The -fomit-frame-pointer optimization flag may help slightly on x86 but
this also makes debugging harder...  Traditionally macros were used a
lot to avoid gratuitous function calls for small operations, but this
also makes programs harder to debug (and care must be taken as macros
may have side-effects).

Lately, inline functions become more popular (and are standard in C99)
and the compiler may at its discretion generate a real function where
necessary.  An inlined function may still make the code harder to
debug, but inlining may easily be disabled via CFLAGS.  Of course, this
still doesn't help much if the function is in a shared library.  Some
critical functions however could be defined as part of standard API
header files and those would have a chance of getting inlined.  A side
effect of inlining might also be an increase in text footprint, and
cache-thrashing on cache-starved processors, like for loop unrolling.

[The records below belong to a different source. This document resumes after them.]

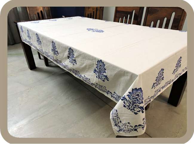 Hand Block Printed Table Cover – Jaipur Collection – Blue Pottery
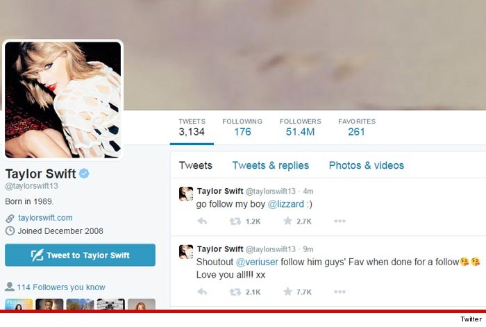 Beberapa tweet sempat diposting oleh para hacker tersebut melalui akun twitter Taylor Swift. Salah satunya yaitu “Go Follow my boy @Lizzard” dan “Shotout @veriuser follow him guys Fav when done for a follow :* :* love you all!!! Xx” .
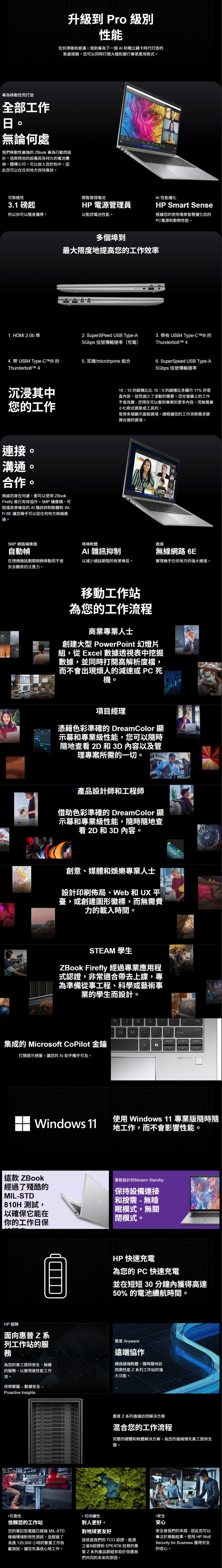 • 透過 Windows 11,以及 HP 協作與安全技術的支援,讓您工作時能擁有完整 效能。
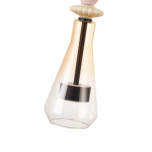 Металлический каркас черного цвета, плафон с градиентным переходом из прозрачного в янтарный цвет, изготовлен из выдувного стекла, декорирован керамическими глазурованными элементами, встроенный модуль LED, регулируемая высота.
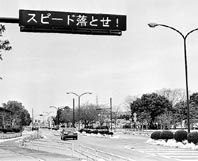 八日市地区交通安全協会(村防龍雄会長)は、大型電光掲示板を八日市市緑町の八日市署西側市道上に設置しドライバーに交通安全を訴えている。
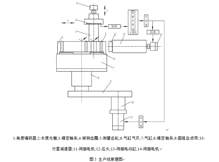 變速箱齒圈是重要的動力傳輸零部件。本項目所述的齒圈測量生產線是應江蘇馳翔精密齒輪有限公司對變速箱齒圈檢測的要求而設計。可實現在線測量齒圈徑向誤差(齒厚、徑向綜合偏差、徑向跳動等)及時效裂紋檢測等。本生產線以精密測量技術為基礎,基于雙面嚙合的快速特點,測量出齒圈徑向誤差,根據測量結果對被測齒圈進行實時機械校正;與此同時,探傷模塊對齒圈進行缺陷檢測,分選出有時效裂紋等嚴重缺陷的零件。實現了齒圈高質量流水線化生產,為解決齒圈大批量生產提供了新途徑。
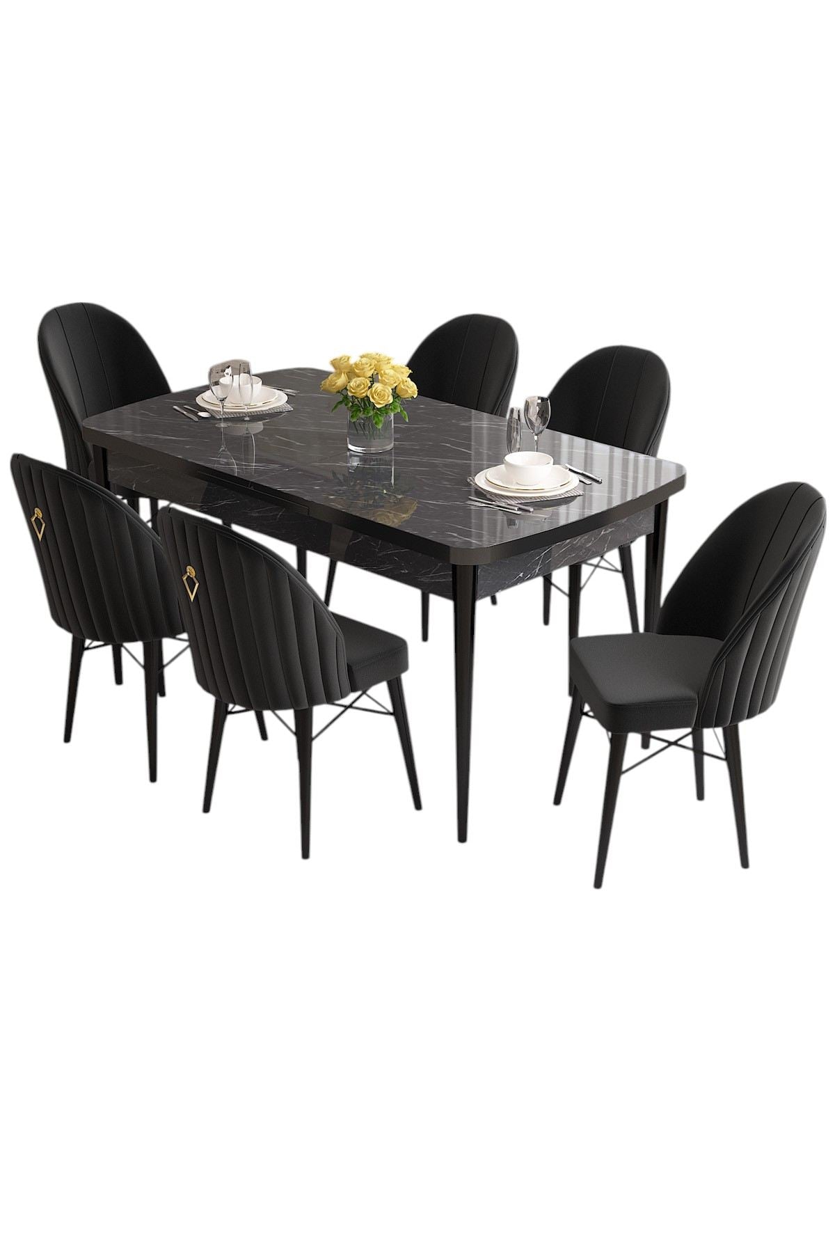 Conjunto de Mesa de Jantar Extensível e Cadeiras – 132 cm x 78 cm x 80 cm (mesa) – Mármore Preto e Preto – MDF e Metal

SBCL has particularily good automatic inlining but it's also because of
its monolithic/static nature where it has knowledge of its whole
world...

> - PIC code is also horribly slow. This kills us sometimes when we use
> constants, or when a function has a call to an error function. In this
> case the function will call a library function to find out the data
> segment address even if the data is _never_ used.

PIC efficiency depends on architecture and on memory model (i.e. it was
pretty nice with m68k and small memory model but might be very poor on
x86).  Is PIC important other than for a few architectures though?  Or
is it important because of ECL's design?

I could be mistaken but I have the impression that with ELF (supporting
relocation) and MMU, mapping shared libraries in the process space on
x86 doesn't really require PIC code on modern unix-like OS.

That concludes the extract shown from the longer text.